A month and a half later, it was another crisis.
“I finally got a couple pollinated, and wouldn’t you know, it rotted right off during that last wet spell,” Hard Luck explained, shaking his head sadly.
“Look’s like I’ll be shut out of the winner’s circle again,” he concluded.
“But what about the other one. Surely it’ll make it,” I encouraged, trying to lift his spirits.
“Nope. It met with a small misfortune when I was trying to thin out those pesky groundhogs. Direct hit with a 30-06. She’s toast,” he explained.
Two weeks later, it was the hail and the wind that tore up the punkin’ patch. Then it was the algae bloom on the river plugging up all the holes in his irrigation system. An early frost touched his vines, stunting any further growth.
Saturday morning of the weigh in Hard Luck sat with the other growers picking at his pancakes.
“You know I’ve been sitting up nights to make sure the deer stayed out of the patch, but last night I figured I needed a really good rest in preparation for today, and wouldn’t you know it the terrorists slipped in and ate a hole right through my biggest punkin. Ruined it!” Hard Luck stated, as a tear rolled down his cheek and he set the final stage for another year of defeat.
Around him all the other Lords of the Gourds echoed tales of woe covering everything from bears, to plagues of frogs, to crop circles, and alien spacecraft beaming up their prize orbs.
You never heard such a professional, pre-race’ parade of excuses and position jockeying, all entitled, “I didn’t win because…”
When the smoke had cleared after the weigh-ins, Hard Luck took first, his wife second, and his daughter and grandkids, the next three spots.
My entry was disqualified due to squirrel damage. Maybe there’s something fishy about the judges and the scales?
At least, that’s my excuse… for this year.

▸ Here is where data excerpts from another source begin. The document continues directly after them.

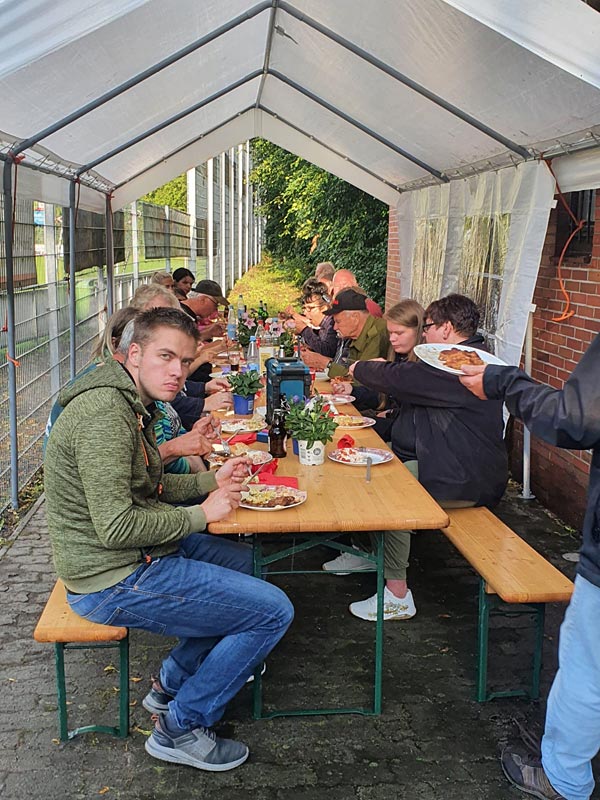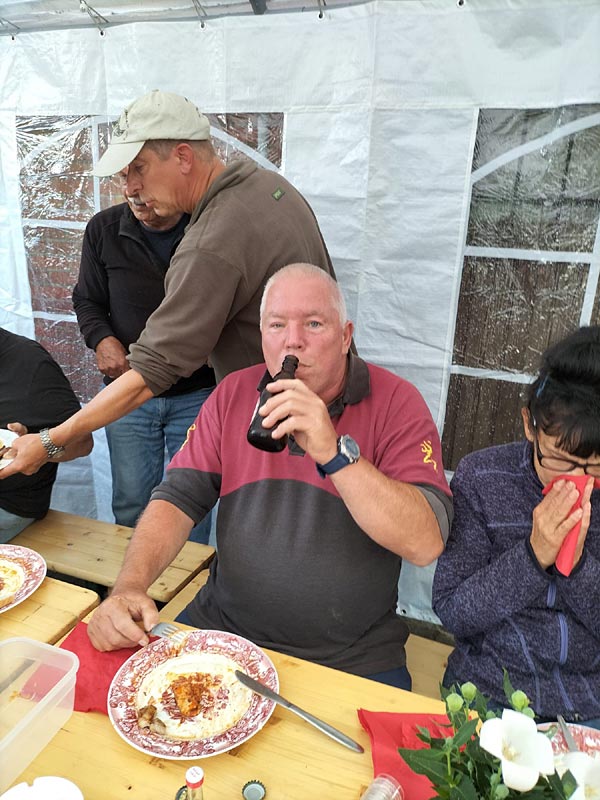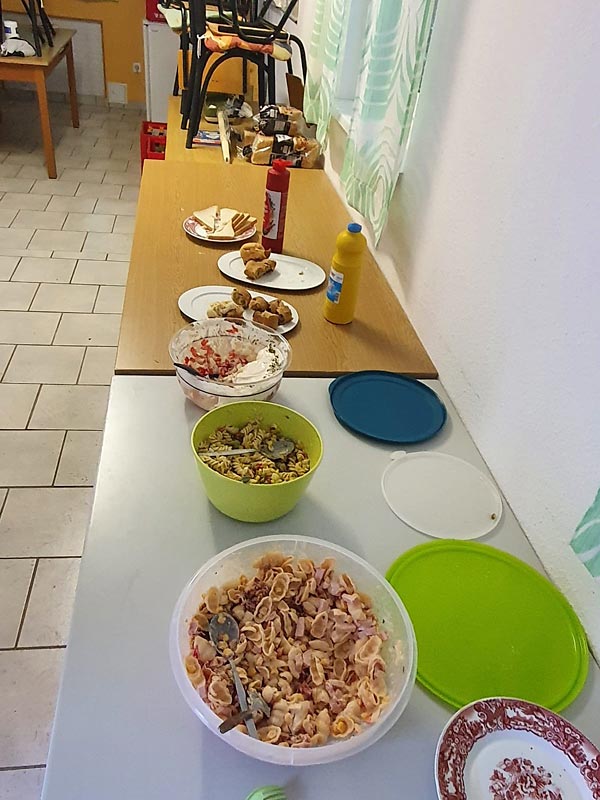 .. Andreas versucht, Gegrilltes zu verteilen, aber irgendwann passt nichts mehr rein.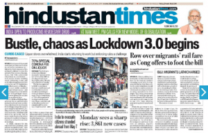 In its lead, “India Opens To Business, Cautiously”, the paper says a new challenge looms as the factories and industries begin to reopen after over a month of inactivity — “shortage of workers and logistical hurdles”.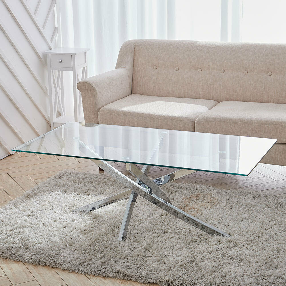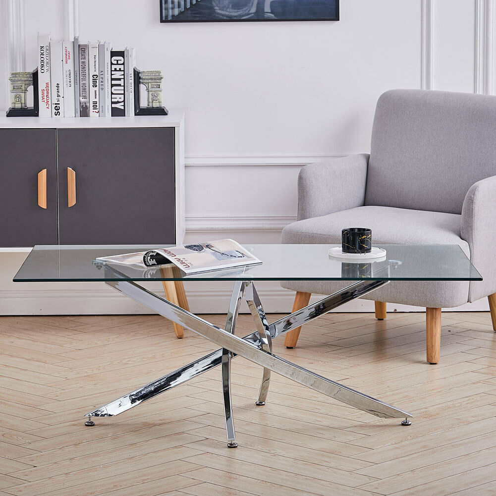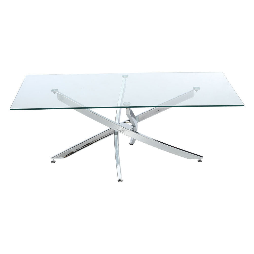 Rectangle Clear Glass Coffee Table With Cross Chrome Legs Living Room Furniture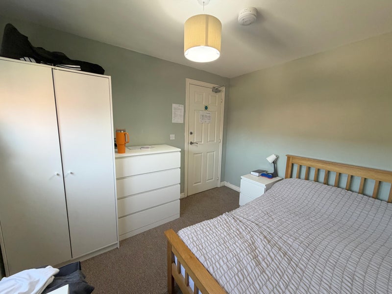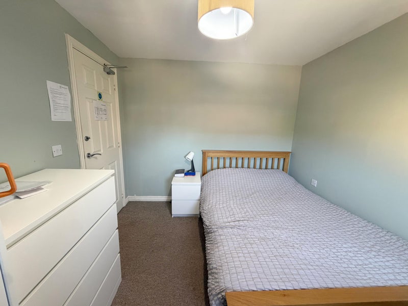 The available double bedroom is fully furnished with a bed, wardrobe, chest of drawers, desk, and bedside table, providing everything needed for a comfortable and practical living space.

Monday, September 22, 2008
In the sauce
One of the wondrous things about this season is the bountiful harvest and all the good things you can make to eat. In case you didn’t know, eating is about my most favourite thing- right next to lying. My wife, the Pearl of the Orient, has been trying to discourage this habit, the eating that is- she’s reluctantly accepted the lying. But things came to a head when I showed up with the latest haul, 30 plus gallons of crab apples.

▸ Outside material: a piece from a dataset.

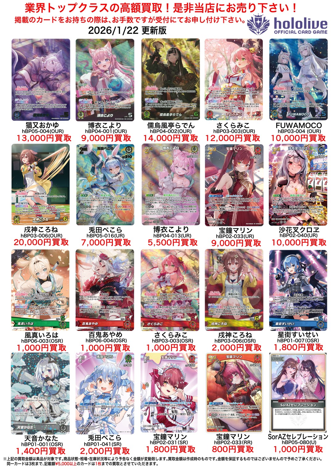 2026.01.22 買取情報 takalab_6 ホロライブ カード 買取情報です! Twitter Facebook はてブ LINE Pocket ★買取情報★ ※2026/1/22現在の価格となります。 在庫状況などによってお値段が変動いたします。予めご了承ください。 **************** こちら↓もぜひチェックしてみてくださいね!(*´▽`*) ・最新のイベント情報はこちら ・最新の買取情報はこちら シェア! Twitter Facebook はてブ LINE Pocket feedly コメントを残す コメントをキャンセルメールアドレスが公開されることはありません。 ※ が付いている欄は必須項目ですコメント ※ 名前 ※ メール ※ サイト 新しいコメントをメールで通知 新しい投稿をメールで受け取る Δ このサイトはスパムを低減するために Akismet を使っています。コメントデータの処理方法の詳細はこちらをご覧ください。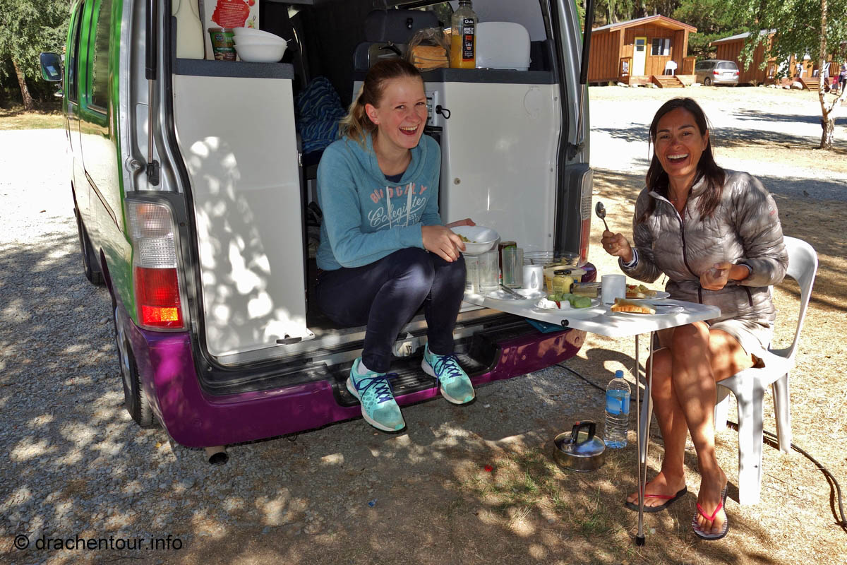 Abends kochten wir ein letztes Mal auf unserem schönen Campingplatz und bereiteten uns auf unsere letzte Nacht in unserer geliebten Juicy vor. Kaum zu glauben, aber das ist die 28 Nacht in unserem lila-grün-farbenen Roadrunner.

“Just what do you expect me to do with all those apples? I’m not making pie. Your cholesterol is still way too high and I can’t let out the waistband on your pants any further,” the Pearl snorted with a level of disgust generally reserved for door-to-door peddlers.
“You aren’t bringing them into MY house. It’ll be totally infested with fruit flies before you have to haul them out to the garbage,” she emphasized totally ignoring my protest that it was MY house as well.
“But they were free! And they’ll make great applesauce. You know how healthy that is supposed to be,” I informed her as I began to drool over the prospect of brown toast with lots of butter slathered with applesauce.
“Well have at it. You can make it out here on the deck. Stay out of MY kitchen and put all MY utensils back when you’re finished,” was the final response I got as the door closed in my face.
Undaunted, I set to washing- sort of, quartering and potting the apples. I had every pot full before I had finished the first bucket. Only six more buckets to go. Then I loaded up the cook top as well as the barbecue and set the containers to cook. It was exhausting work, so I took a little break on the sofa while things came to a boil.
I guess I had the lid on that one pot on a little tight, but when it blew, ricocheting off the cupboard, the attendant ‘Boom, Clatter, Clatter!’ brought me fully awake. Fortunately, at the time, the Pearl was off to an extended swim and exercise class, so there were no personal injury or marital abuse issues to deal with. A mop and a bucket quickly cleaned up the mess and the stain on the ceiling is hardly noticeable.
With the apples all nicely boiled, I did a bit of mashing, and it was onto the straining. A couple of windows screens pressed into service speeded up that operation. Besides we don’t open those windows very often and the bug season is pretty much over.
When the Pearl arrived home, I proudly had my production displayed on the counter. The Pearl was impressed and not too put out by the slap dash job I had done of cleaning up. I cleared out to let her bring that area up to her standards. After all, what’s that about discretion being the better part of valour.
Since we were off to Emily and Norm’s for brunch the next day, I insisted on taking a quart of the ambrosia along as a token gift. Emily is a very gracious hostess.
“Isn’t this wonderful. I just love fresh applesauce,” she gushed as she spooned up a servings all round.
“You know you just can’t beat it mixed up with yogurt like this,” she added as we all dipped in with gusto.
“I wanted Norm to make some from our apples, but he said they were too wormy. How did you manage to find crab apples without worms?” Emily continued with unabated enthusiasm.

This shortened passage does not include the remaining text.